Look at the data below and print exactly the lines from its first line through the line with "Wi-Fi + Cellular"; the pictures stay out of the copy.

• **Information given**:

============================================================

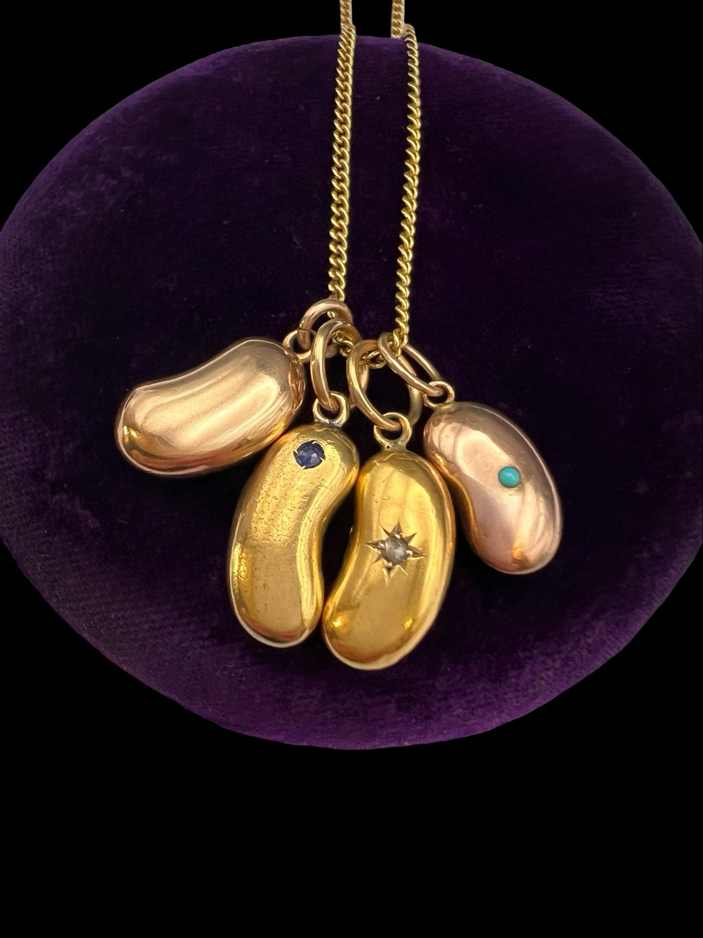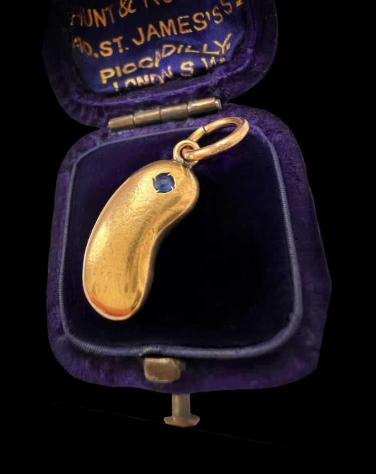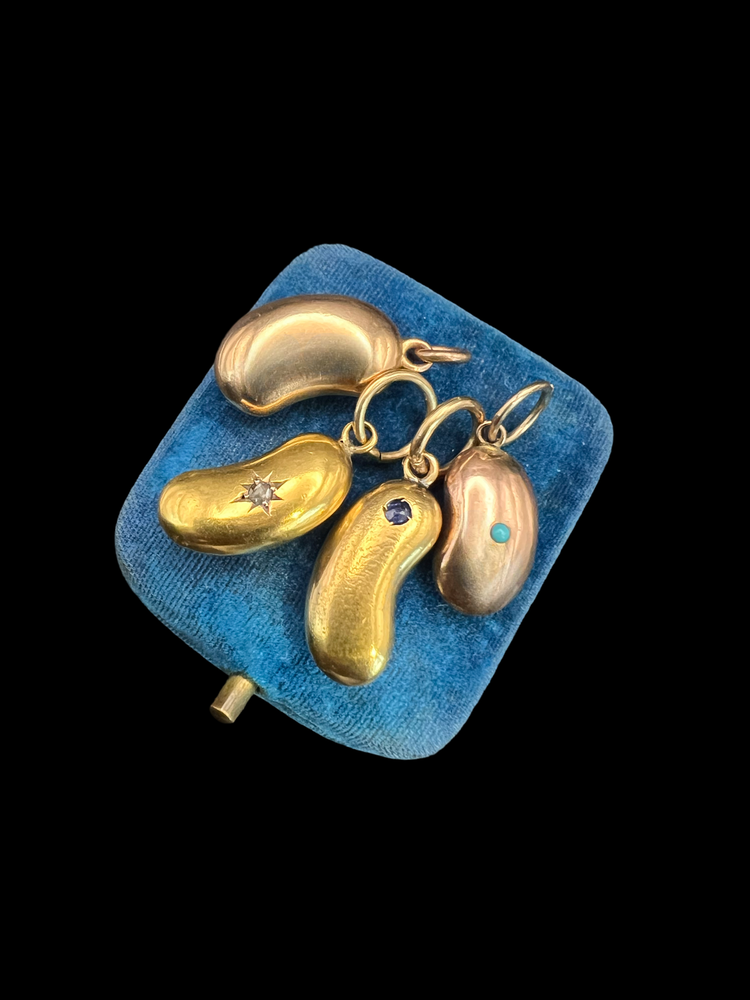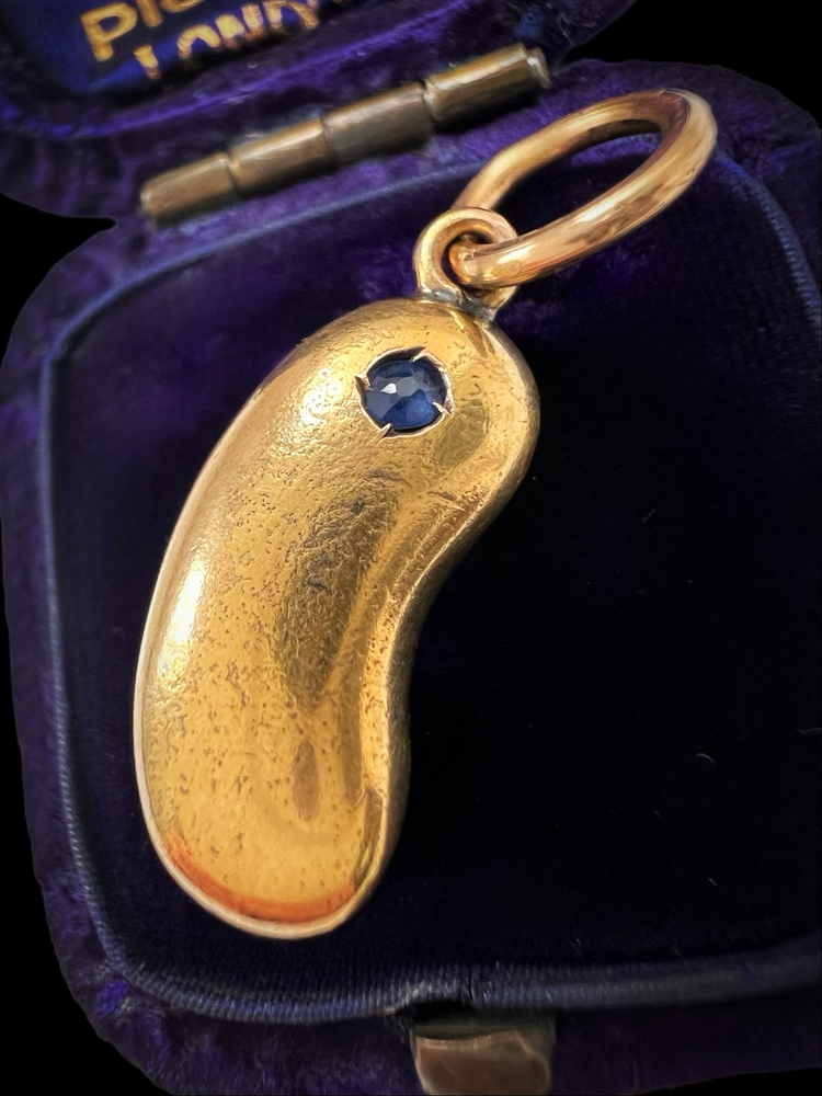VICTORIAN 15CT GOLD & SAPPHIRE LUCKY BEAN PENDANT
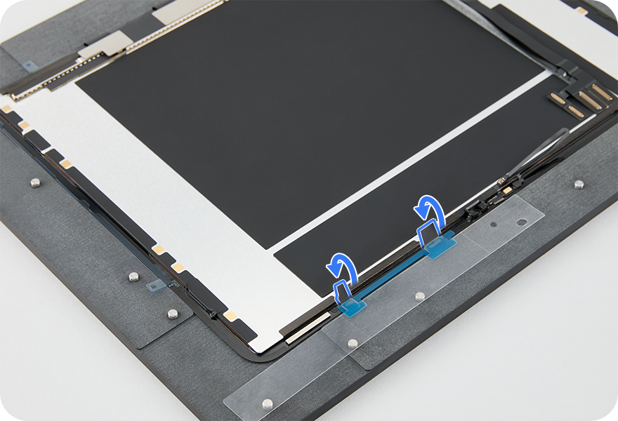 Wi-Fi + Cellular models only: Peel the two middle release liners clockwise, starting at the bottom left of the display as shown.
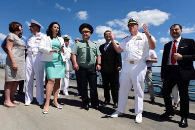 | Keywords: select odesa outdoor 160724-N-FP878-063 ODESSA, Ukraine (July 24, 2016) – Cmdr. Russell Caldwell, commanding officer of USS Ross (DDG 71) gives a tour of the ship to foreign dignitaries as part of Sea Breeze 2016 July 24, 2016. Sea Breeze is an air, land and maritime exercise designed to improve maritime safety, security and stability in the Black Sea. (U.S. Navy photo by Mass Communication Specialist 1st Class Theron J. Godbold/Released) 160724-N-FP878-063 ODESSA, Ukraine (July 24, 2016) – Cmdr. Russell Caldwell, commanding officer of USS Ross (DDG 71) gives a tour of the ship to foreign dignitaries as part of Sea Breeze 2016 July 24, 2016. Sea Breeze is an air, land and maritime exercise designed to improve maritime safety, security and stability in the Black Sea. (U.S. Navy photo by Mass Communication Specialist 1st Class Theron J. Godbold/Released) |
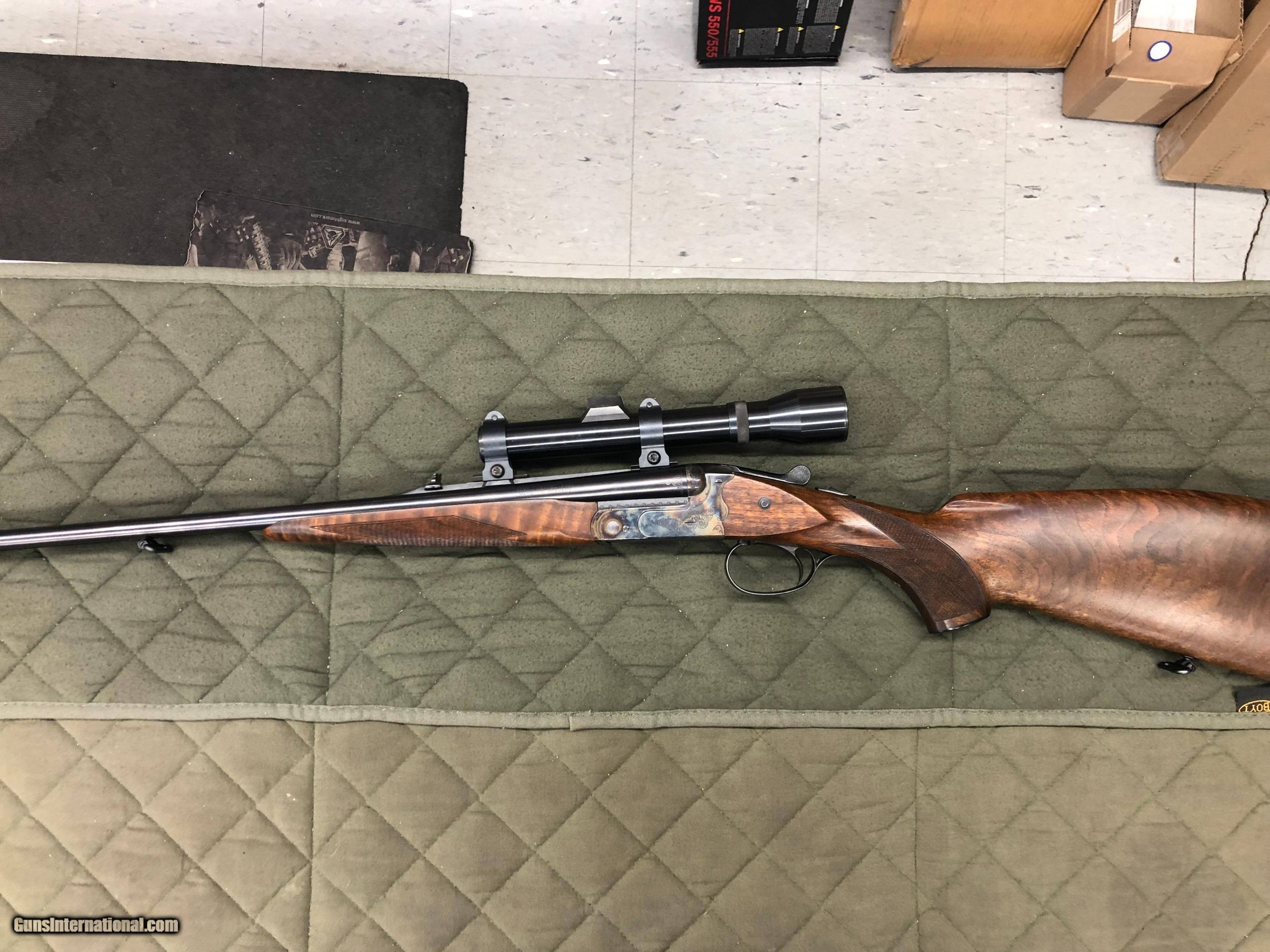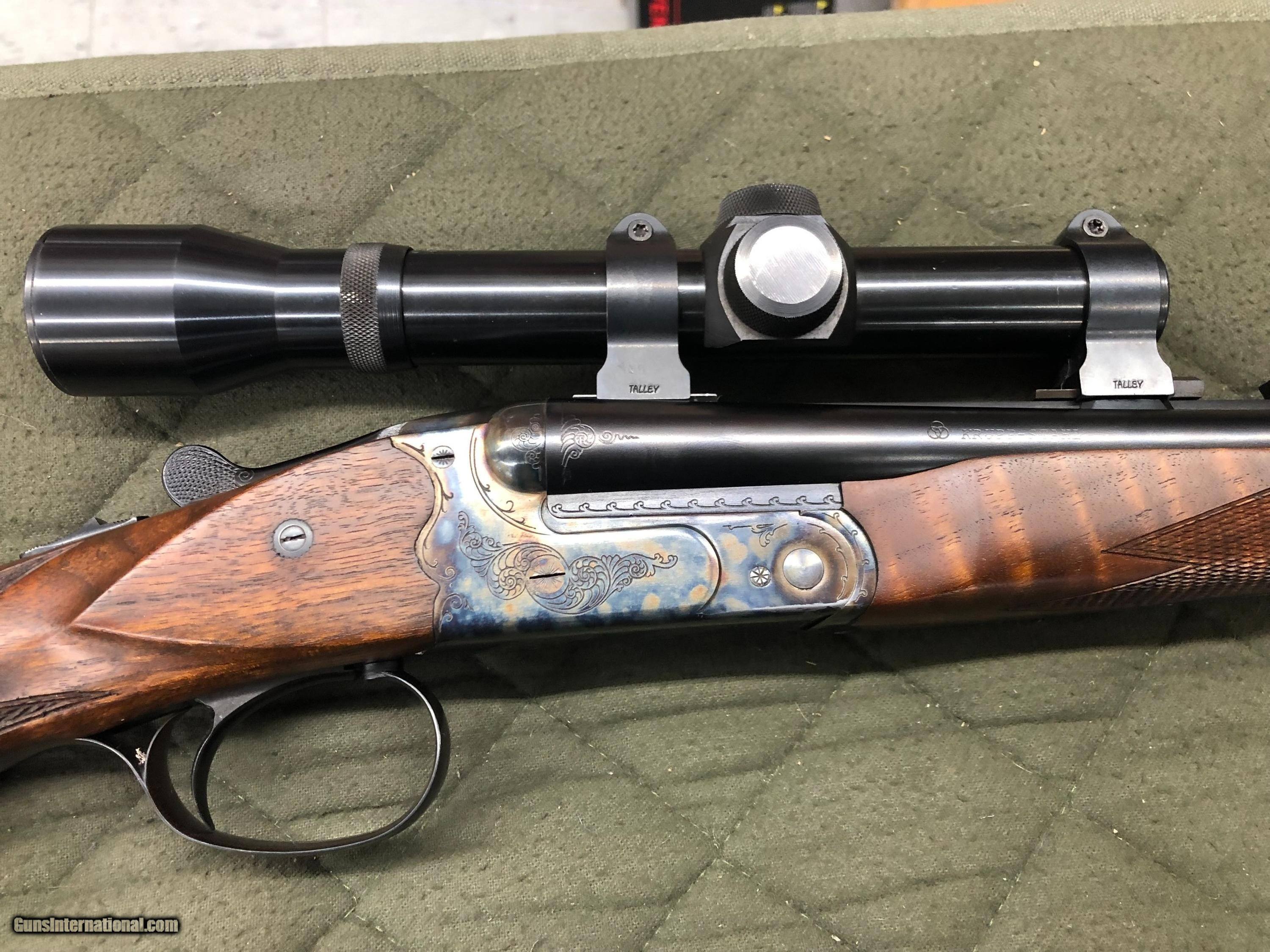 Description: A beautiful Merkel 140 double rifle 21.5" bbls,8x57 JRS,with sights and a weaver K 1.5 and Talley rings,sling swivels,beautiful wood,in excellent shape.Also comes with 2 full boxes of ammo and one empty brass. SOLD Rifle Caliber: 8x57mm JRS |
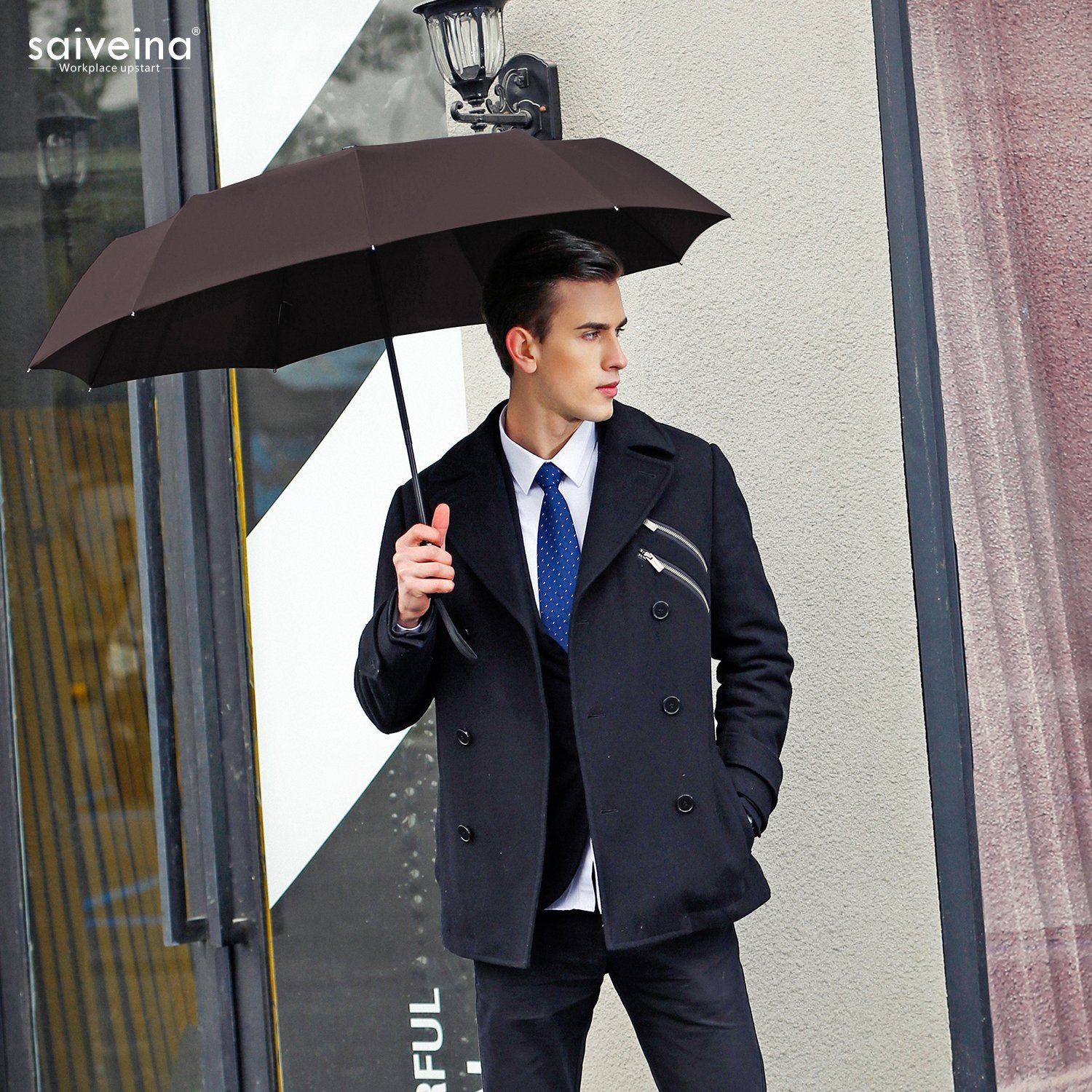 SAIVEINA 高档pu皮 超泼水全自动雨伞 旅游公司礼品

============================================================

• **Exercise response**:
VICTORIAN 15CT GOLD & SAPPHIRE LUCKY BEAN PENDANT
 Wi-Fi + Cellular models only: Peel the two middle release liners clockwise, starting at the bottom left of the display as shown.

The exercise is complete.